1. The problem statement, all variables and given/known data

I need the first equation simplified, the second equation solved, and the third factored. I've been trying to solve these three forever today.

2. Relevant equations
1) 6+√3 ÷ 2-2√3 (those are radical signs)
2) √k+9-√k=√3 (the k+9 is all under the radical sign)
3) (2k+3)2-(2x+3)(y-2)-20(y-2)2 (the "2" after (2k+3) ans (y-2) is suppose to be a square sign.

3. The attempt at a solution
I thought for number 1) I should use the conjugent (sp) but I wasn't sure if I foil or not and I got three different answers that don't look right. Number 2) I have no idea, I tired to make the √k by itself on one side that then square everything, but when I plugged the number I got back in the equation it didn't work so I don't know what I'm doing. Help would be MUCH appreciated.

2. Jan 21, 2007

littlefirefly

I didn't put the equations in the right spot, i'm sorrrry....

3. Jan 21, 2007

Gib Z

Welcome to Physicsforums!

Umm, next time post the title to be like, Simple Equations or something. When people see please help theyre less inclined to help XD

Ok.

The first equation, I can't seem to understand what you mean...sorry about that

The second one, Square both sides :D Then we get (k+9) - 2 √(k^2 + 9k) - (k)= 3
K's cancel out, minus 3 from both sides, take the -2√(k^2 + 9k) to the other side, cancel common factors

We end up with 3=√(k^2 - 9k), square both sides again.
9=k^2-9k, or k^2-9k-9=0. Thats a simple quadratic equation. I hope you know the quadratic formula!

3) I Think all that can go down to is $$(3-2x-20 (2)^{\frac{1}{2}})(y-2)+ 2^{\frac{1}{2}} (2k+3)$$ where the 2 to the power of halfs are square root 2.

Sorry I couldn't be of more help, Good Luck.

4. Jan 21, 2007

cristo

Staff Emeritus
For question 1, multiply top and bottom by $2+2\sqrt3$ and expand the brackets.
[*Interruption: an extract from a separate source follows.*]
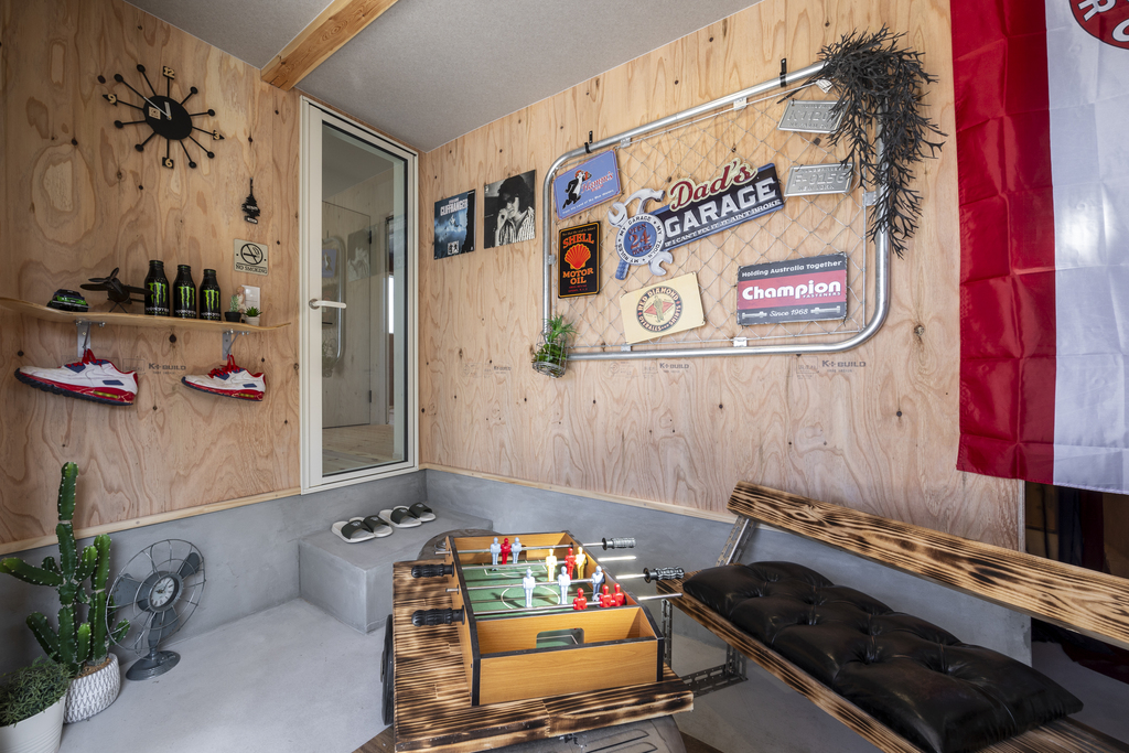 小屋裏はみんなの秘密基地。夜の見学会だとホームシアターの雰囲気も思いっきり味わえます。

I'm not sure how this can be correct as the original expression has a k2 in, and yours doesn't.

5. Jan 21, 2007

Gib Z

!!>.< Sorry I thought the 2s after the things were root 2, not to the pwer of 2 >.< Shoot me....

6. Jan 21, 2007

littlefirefly

thanks for the help, I just couldn't figure those questions out =)

7. Jan 21, 2007

cristo

Staff Emeritus
For 3, I'm afraid if you can't see anything that will easily factor, you'll have to expand it all, then try and factor.

8. Jan 21, 2007

drpizza

I'm guessing on the 3rd one you have, you didn't really mean to have both x and k in there. Here's a neat trick:
"(2k+3)2-(2x+3)(y-2)-20(y-2)2 (the "2" after (2k+3) ans (y-2) is suppose to be a square sign"
I'm going to assume the x is really supposed to be a k.
Temporarily, let's let A=(2k+3) and B=(y-2)
Then, you have A^2 -AB - 20B^2
Can you factor that into two binomials?
If you can, then after you factor it, substitute 2k+3 back in for A and y-2 back in for B.

9. Jan 22, 2007

Gib Z

It doesnt look like that factors..

10. Jan 22, 2007

drpizza

A^2-AB-20B^2 is
(A-5B)(A+4B)
It does factor. Now substitute back in for A and B.

11. Jan 22, 2007

Gib Z

Ahh god damn Im an idiot..good idea